Rafols, I., & Leydesdorff, L. (2009). Content‐based and algorithmic classifications of journals: Perspectives on the dynamics of scientific communication and indexer effects. Journal of the American Society for Information Science and Technology, 60(9), 1823-1835.

本研究比較兩種以內容為基礎的期刊分類以及兩種以演算法為基礎的期刊分類。兩種以內容為基礎的期刊分類分別是ISI的主題分類(Subject Categories)以及Glänzel and Schubert (2003)的領域/次領域分類(field/subfield classification)SOOI,兩種以演算法為基礎的期刊分類則分別是Blondel et al. (2008)提出的展開式(unfolding)社群偵測(community detection)法以及Rosvall, and Bergstrom (2008)的隨機漫步(random walk)矩陣分解(matrix decomposition)法。若是利用以內容為基礎的分類,期刊可以同時指定多個類別;以演算法為基礎的期刊分類則可以使類別內的引用(within-category citation)對類別內的引用(between-category citation)的比率最大化,也就是將期刊彼此之間的引用資料排列成矩陣,經過適當的行列排列後,使得主要對角線(principal diagonal)附近的數值較大,而其他地方則接近0。

各種分類的相關統計資料如表1所示:


由於以內容為基礎的分類方法具有多重分類特性以及以演算法為基礎的分類方法以矩陣分解為目的,從表1上可以觀察到兩種現象:1) 在類別內期刊數的中位數方面,可以看到以內容為基礎的兩種期刊分類方法較以演算法為基礎的期刊分類方法來得多,可配合圖1每個類別期刊數的分佈在0.50上所呈現的情形。另外,圖1也可發現四種分類方法都是對數常態分布(log normal distribution),也就是在這四種分類方法中,相對少數的類別擁有大量的期刊,然而許多類別卻只有少量期刊。並且以演算法為基礎的分類方法比以內容為基礎的分類方法更偏斜(more skewed),也較是上述的情況更嚴重。隨機漫步方法的前十個類別共有57%種期刊,展開方法則有50%,但ISI和SOOI則分別只有15%和31%。

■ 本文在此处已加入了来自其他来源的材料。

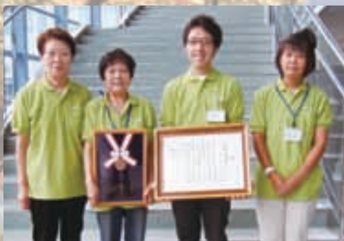
メンバーを代表して表彰式に参加しました

患者さんの車椅子乗り降りや外来受診の受付介助などのサポート活動を行っているボランティアグループ「ブルーバンブー」が、平成23年8月21日に開催された豊橋市社会福祉大会において、「社会福祉銅有功章」を受賞しました。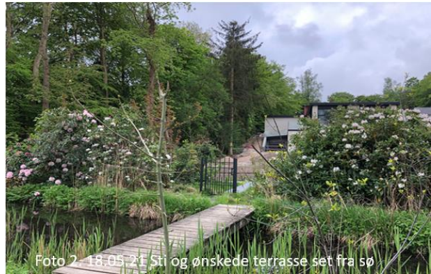
Foto 2. 18.05.21 Sti og ønskede terrasse set fra sø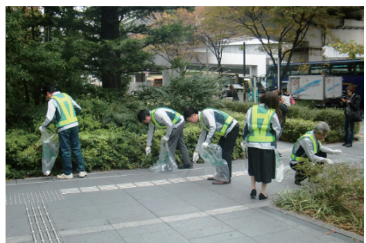
地域清掃活動の実施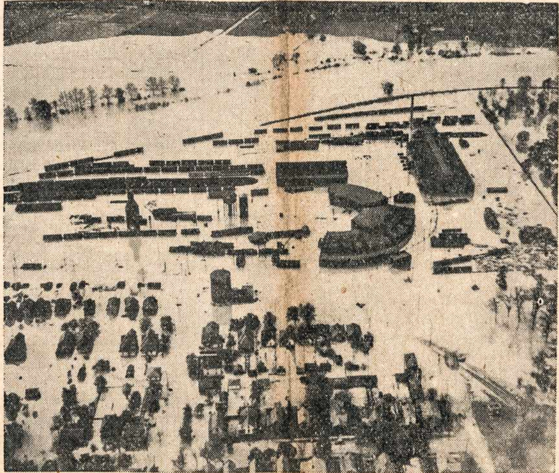
POTVYNIO VAIZDAS. — Kai vanduo pakilo šešiose vidur-vakarų valstybėse tai užliejo daug derlingos žemės ir kaimų bei miestelių. Šis vaizdas parodo Wabash upės išsiliejimą ir vaizdą užlietos Peru, Ind., geležinkelio stoties. Padaryta $30,000,000 nuostolių ir iškelta apie 90,000 iš gyvenamų vietų. Desetkas priskaitoma mirusių.

Londonas, birž. 10 — Berlyno radio praneša, kad Turkijos prezidentas Ismet Inonu pareiškė, jog jo kraštas pasilieka neutralus ir taikoje, bet yra pasiryžęs visa jėga gintis nuo užpuolikų.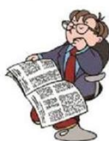
Lire le journal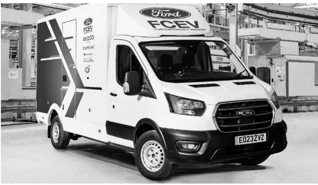
Líder do mercado de vans, a Ford se uniu a outras empresas líderes em tecnologia automotiva

A Ford está testando no Reino Unido uma nova versão da van elétrica E-Transit que usa eletricidade gerada por células de combustível de hidrogênio, em vez de bateria convencional. Essa tecnologia tem potencial para atender, principalmente, veículos comerciais maiores e mais pesados, em aplicações que requerem maior autonomia e uso intensivo de energia, com emissões zero.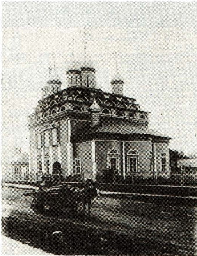
11. Троицкая церковь. 1908 г.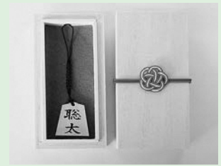
▲将棋の聖地から新生児へ

A 子育てアプリ「コマモル」でのお知らせや、子育てガイドへの掲載、妊婦への健康相談の際に周知を行い、出生届の提出時等に申請をしてもらうほか、電子申請でも受け付ける。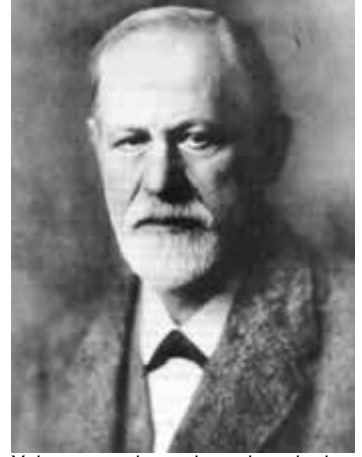
Yakın zamanda yapılan çalışmalarda Freud'un özellikle din konusundaki fikirlerinin hatalı olduğunu gösterdi.

19. yüzyılda gelişen ateist dogmanın psikoloji alanındaki temsilcisi, Avusturyalı psikiyatrist Sigmund Freud idi. Freud, ruhun varlığını reddeden, insanın tüm ruhsal dünyasını cinsel ve benzeri dünyevi dürtülerle açıklamaya çalışan bir psikoloji teorisi ortaya attı. Freud'un en büyük saldırısı ise dine karşıydı. 1927'de yayınlanan The Future of an Illusion (Bir İlüzyonun Geleceği) adlı kitabında, dini inancın sözde bir tür akıl hastalığı (nevroz) olduğunu ileri sürüyor ve insanlığın ilerlemesiyle birlikte dini inançların tamamen ortadan kalkacağı iddiasında bulunuyordu. Dönemin ilkel bilimsel koşulları altında, gerekli araştırma ve incelemeler yapılmadan, okuma ve kıyas imkanı olmadan ortaya atılan bu iddia son derece mantık dışıdır. Kuşkusuz Freud da bugün varsayımını tekrar değerlendirme imkanına sahip olsa, öne sürdüğü bu kit iddianın mantıksızlığına kendisi de şaşırarak ve böyle bir öngörünün saçmalığını ilk kendisi eleştirecektir. Freud'dan sonra da psikoloji bilimi ateist bir temelde gelişti. Sadece Freud değil, 20. yüzyılda gelişen diğer psikoloji ekollerinin kurucuları da koyu birer ateistti: davranışçı ekolün kurucusu B. F. Skinner ya da rasyonel-duygusal terapisinin kurucusu olan Albert Ellis gibi. Sonuçta psikoloji dünyası ateizmin alanı haline geldi. 1972 yılında Amerikan Psikoloji Derneği üyeleri arasında yapılan bir araştırma, ülkedeki psikologların sadece % 1.1'inin dini inanç sahibi olduğunu gösteriyordu. (14)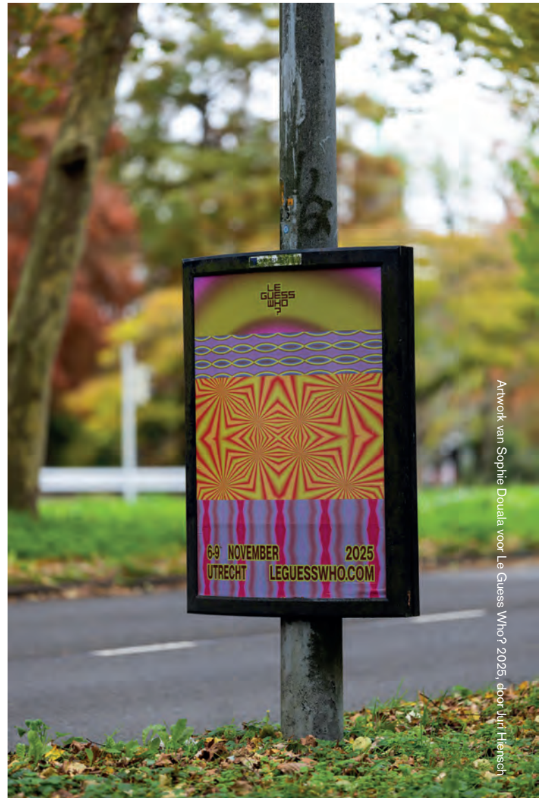
Artwork van Sophie Douala voor 'Le Guess Who? 2025', door Juri Hiensoh

Verder publiceerden we aan het begin van het jaar een bericht op Instagram waarin we onze zorgen deelden over de snelle achteruitgang van alles wat eigendom is van Meta. We zeiden dat we ons gebruik van sociale mediaplatformen die eigendom zijn van Meta terug te schroeven en vroegen onze volgers welke platformen zij het liefst gebruiken om op de hoogte te blijven van alles wat met LGW te maken heeft. We kregen hier veel positieve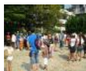
ウォークラリー受付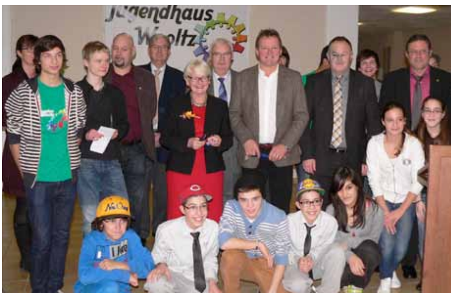
► Eröffnung der neuen Räumlichkeiten des Jugendhauses

Er befürwortete einstimmig den Mietvertrag mit „CFL Immo S.A.“ betreffend das Anmieten des Wiltzer Bahnhofs durch die Gemeinde für die Dauer von 40 Jahren zum jährlichen symbolischen Euro.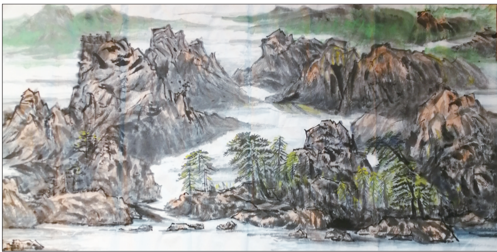
国画《青绿山水》 卢晓辉

远离城市的乡村屋顶 永远根植于游子心底 挥不去,抹不掉 塑铸成无法更改的秉性 幻变着五彩斑斓的风景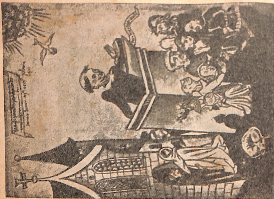
Bertoldo de Ratisbona pregando a penitência.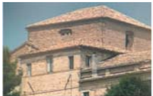
Convento con annessa la Chiesa di San Francesco, dove avvenne il Prodigio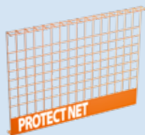
Art. Nr. 22127 elea PROTECT NET Seitenschutzgitter 1,6 x 1,2 m oder 2,1 x 1,2 m, 2,6 x 1,2 m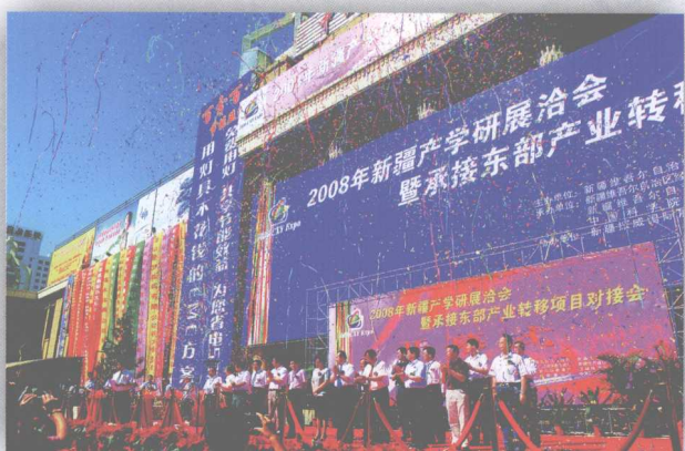
承办2008年新疆产学研展洽会暨承接东部产业转移项目对接会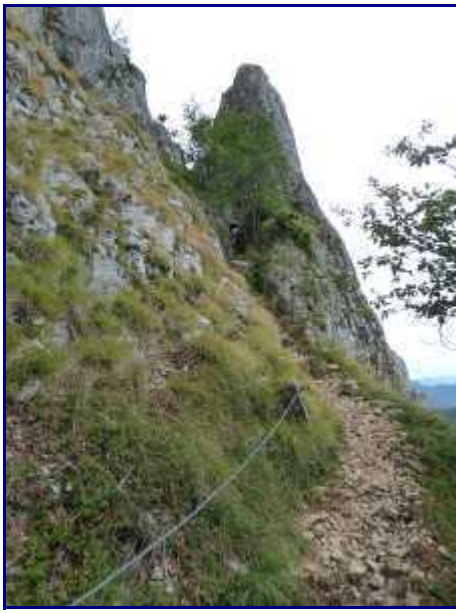
Le pas de l'échelle, d'en bas avec la main courante.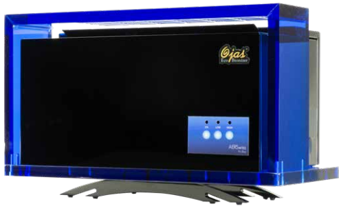
AERSwiss Pro Blue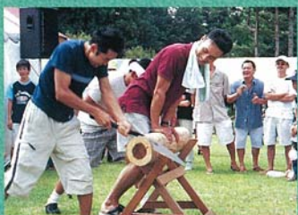
◎中島村いきいきフェスタ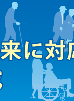
65歳以上人口比率の長期推移・将来推計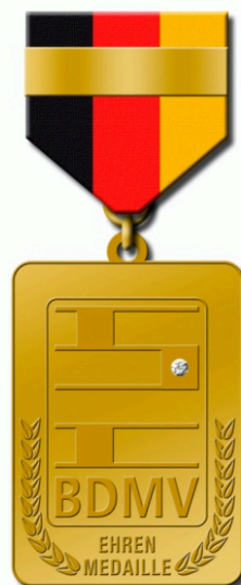
Ehrenmedaille in gold mit Diamant und Jahreszahl am Band mit Urkunde für 25-jährige Tätigkeit und alle weiteren 5 Jahre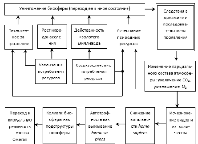
Рис. 2. Тенденции и прогноз изменения биосферы в структуре ноосферы

Пожирание тучных коров тощими. Данная формула Ветхого Завета в нообиологии понимается как процесс уничтожения человеком биосферы в ее гармоническом равновесии, то есть естественной среды обитания homo sapiens как животного вида. Отсюда и известный символ каббалы, сатанизма и масонства – жалящая сама себя змея.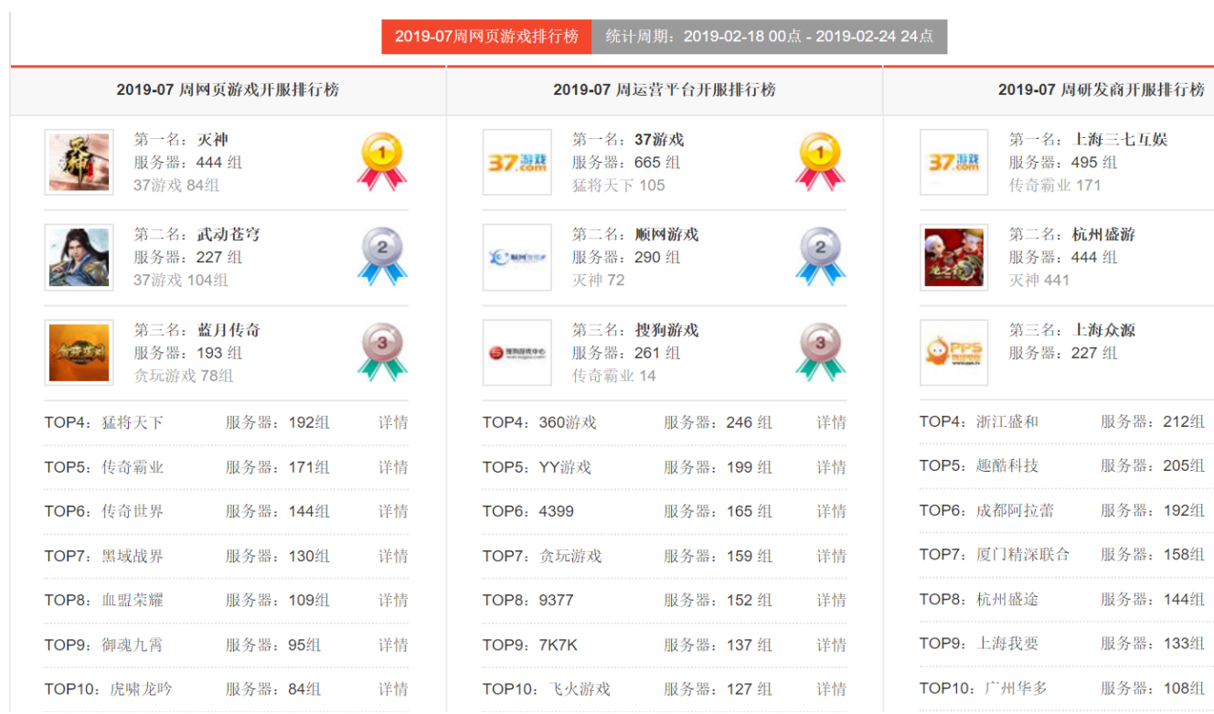
图 12：网页游戏开服排行（单位：组）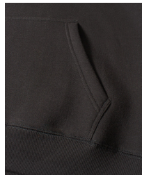
002 - Black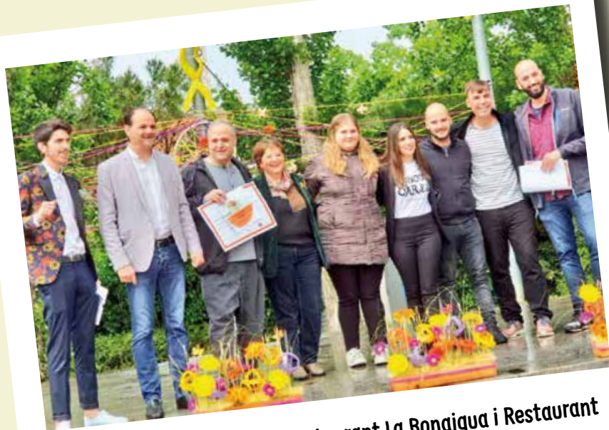
Felicitats a Cuina Miracle, Restaurant La Bonaigua i Restaurant L'Illa per les tapes guanyadores del QuintoTapa 2018.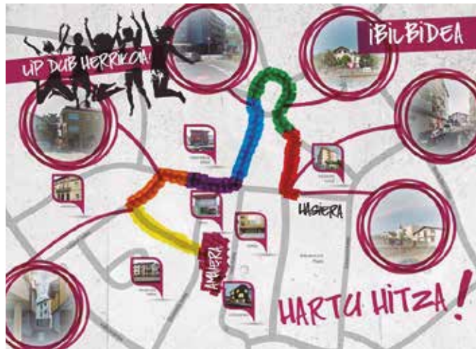
Goizeko 11:00etan kaxkoan elkartzeko deialdia egin dute antolatzaileek.

Gogoan izan hitzordua: igandean goizeko 11:00etan gertu-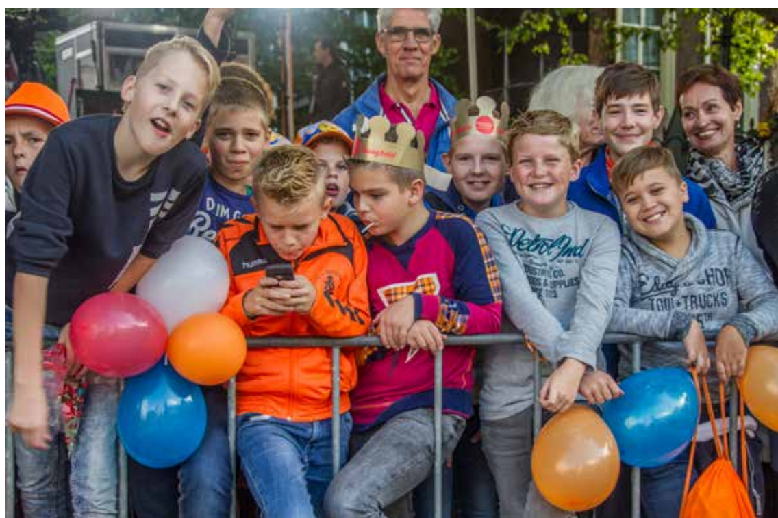
Kinderen achter een dranghek op Prinsjesdag. Foto uit 2017, Harry van Reeken, Haags Gemeentearchief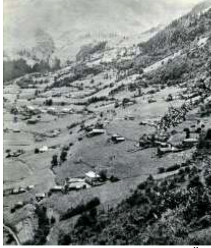
Şekil 1. Hamsiköy eski görünümü (Kaynak: Öztürk, 2018)

Bir yerleşim bölgesinde ekonomik sistemin esas kazanç kaynağının değişmesi ve gelir gruplarının farklılaşması sosyo-kültürel yapıda değişiklikler meydana getirebilmektedir. Bu değişiklikler de mevcuttaki fiziksel ve yapısal çevreyi etkilemektedir. Hamsiköy'ün zengin doğal yapısı ve mutfak lezzetleriyle turizme açık hale gelmesine, geçimini tarımdan sağlayan nüfusun azalmasına ve ilginin turizme yönelmesine bağlı olarak, yerleşkede farklı tip ve düzenlerde yapılaşma artmaktadır. Farklı sosyo-kültürel yapılanmalar, yapılaşma düzeni, yapı malzeme ve teknolojileri ve konut plan tiplerinde farklılıklar oluşturmaktadır. Konutlar geleneksel yapı tipinden uzaklaşmaktadır. Bal (2001)'a göre köyü sürekli kullanan ile geçici olarak kullanan arasında belli başlı farklılıklar vardır. Köyü sürekli kullanan konutunu hayvanlarının yaşam alanı ile birlikte düşünürken geçici yaşayanların konut planlamasında böyle bir kaygısı olmamıştır. Köye dönemsel olarak gelen kullanıcılar inşa ettiği konutları, oturma odaları ve balkonlarını hâkim manzara yönüne göre planlamaktadır. Hayvan barınağı ihtiyacı olmadığından bu mekân planlamaya dahil edilmemektedir. Yeni yapılaşmalar, eskilerin hayvan barınağı olarak kullandığı önü açık olarak arkası eğime oturmuş bodrum kat üzerinde yükselen tek veya çok katlı apartman şeklindedirler. Çok katlı apartmanlar genellikle aile apartmanı niteliğindedir.

2) 從引用的分布情形來看,兩種以內容為基礎的分類方法的引用次數總計比以演算法為基礎的分類方法多,但隨機漫步方法和展開方法有較多比率分布在類別內,但ISI和SOOI則是主要分布在類別之間。

接下來,以引用式樣(citation patterns)的餘弦相似性(cosine similarity),比較各種分類方法的類別彼此間的相似性。結果ISI和SOOI的中位數分別是0.020和0.066,比隨機漫步方法和展開方法的0.009和0.007高許多,其原因同樣是因為內容為基礎的方法有多重分類的特性,因此類別間的邊緣較模糊,而演算法為基礎的方法在類別間切割得較清楚。然後將各種分類方法的類別依照它們的相似性繪製成網路圖。四種方法繪製的網路圖大致上都可以看出包含兩大群,一個是生物醫學,另一個則是物理學與工程學,兩個大群體透過三個群體相連,包括化學、地理學-環境科學-生態學群體、以及電腦科學,社會科學群體在網路圖上有些分離,透過行為科學/神經科學和生物醫學相連,並且也透過電腦科學與數學和物理學/工程學相連。綜上所述,不同的科學地圖是相似的,但它們在群體內部類別的密度不同。

In this study, we test the results of two recently available algorithms for the decomposition of large matrices against two content-based classifications of journals: the ISI Subject Categories and the field/subfield classification of Glänzel and Schubert (2003).

The content-based schemes allow for the attribution of more than a single category to a journal, whereas the algorithms maximize the ratio of within-category citations over between-category citations in the aggregated category-category citation matrix.

At that time, Leydesdorff & Rafols (2009) were deeply involved in testing the ISI Subject Categories of these same journals in terms of their disciplinary organization. Using the JCR of the Science Citation Index (SCI), we found 14 major components using 172 subject categories, and 6,164 journals in 2006. Given our analytical objectives and the well-known differences in citation behaviour within the social sciences (Bensman,2008), we decided to set aside the study of the (220 − 175 = ) 45 subject categories in the social sciences for a future study.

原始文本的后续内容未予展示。